Table 1 Characteristics of asthma patients and healthy control subjects
Fig. 1
figure 1

Representative photomicrographs of bronchial biopsies from a healthy individual and a severe asthma patient (a) stained for IL-17 (green staining; arrows). The bar indicates 20 µm. Correlation between the number of IL-17 positively staining cells and tissue neutrophils in severe asthma patients (b). Cluster analysis of UBIOPRED bronchial biopsy transcriptome using Th2 and Th17 surrogate genes published by Choy et al., SciTransMed, 2015 (c)

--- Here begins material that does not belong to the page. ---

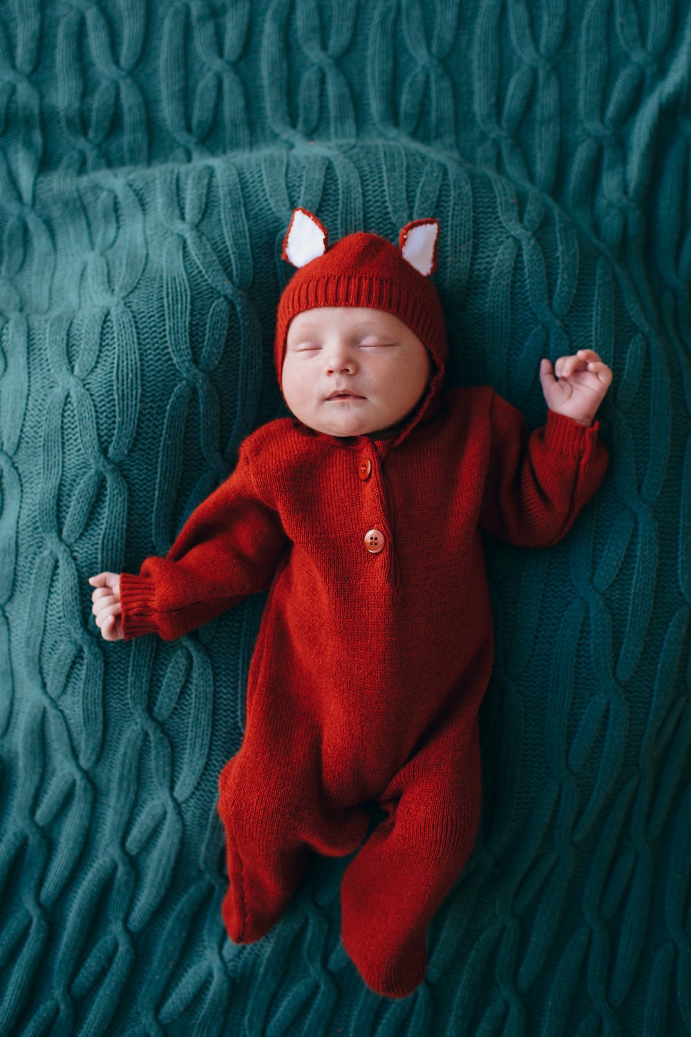 Una tutina color rosso mattone e delle piccole orecchie: la volpe neonata è davvero graziosa.

Consequences of Il-17 and IL-22 pathway activation in vitro and in vivo

To assess functionality and interplay between Th17-associated cytokines in the lung, human primary small airway epithelial cells differentiated in air–liquid interface culture were initially stimulated with IL-17A or IL-22 for 24 h and significant increases in IL-8 and CXCL1 (Fig. 2a) were observed. IL-17A was selected because IL-17A, but not IL-17F, was detectable in the mouse HDM model. Primary human bronchial smooth muscle cells were also stimulated with IL-17A or IL-22 for 24 h and increases in IL-6, IL-8 and CXCL1 (Fig. 2b) were observed. Because the biological response was smaller in the smooth muscle cells compared with the epithelial cells, the smooth muscle cells were selected for further experiments in which sub-maximal efficacious concentrations of IL-17A and IL-22 resulted in an over-additive release of IL-6 (Fig. 2c) and IL-8 (Fig. 2d) from the smooth muscle cells. Intratracheal instillation of a combination of IL-17A and IL-22 into mouse lungs increased acetylcholine-induced AHR, but not either IL-22 alone or IL-17A alone (Fig. 3a). In contrast, instillation of IL-17A alone, IL-22 alone or a combination increased lung concentration of KC (CXCL1; Fig. 3b) and induced airway neutrophilia (Fig. 3c) that were not augmented by the addition of IL-22.

Fig. 2
figure 2

Human primary small airway epithelial cells differentiated in air–liquid interface culture were stimulated for 24 h with 30 ng/ml IL-17 or 200 ng/ml IL-22 and the release of IL-6, IL-8 and CXCL1 was measured (a). Primary human bronchial smooth muscle cells were stimulated for 24 h with 30 ng/ml IL-17 or 200 ng/ml IL-22 and the release of IL-6, IL-8 and CXCL1 was measured (b) or stimulated for 24 h with 10 ng/ml IL-17 + 20 ng/ml IL-22 and the release of IL-6 (c) and IL-8 (d) was measured. Data are expressed as mean ± SEM of three independent experiments. Statistical analysis was performed using a non-parametric Kruskal–Wallis test with Dunn’s multiple comparison (*P < 0.05, **P < 0.01, ***P < 0.005, ****P < 0.001)

Fig. 3
figure 3

Female Balb/c mice were challenged intratracheally with saline (N = 4) IL-17A alone (N = 8), IL-22 (N = 8) alone or with the combination (N = 8). After 1 h, airway hyperreactivity (a) and lung tissue CXCL1 (b) were measured. After 24 h, bronchioalveolar lavage fluid neutrophil count (c) was measured. Data are expressed as mean ± SEM. Statistical analysis was performed using a non-parametric Kruskal–Wallis test with Dunn’s multiple comparison (*P < 0.05, **P < 0.01, ***P < 0.005, ****P < 0.001)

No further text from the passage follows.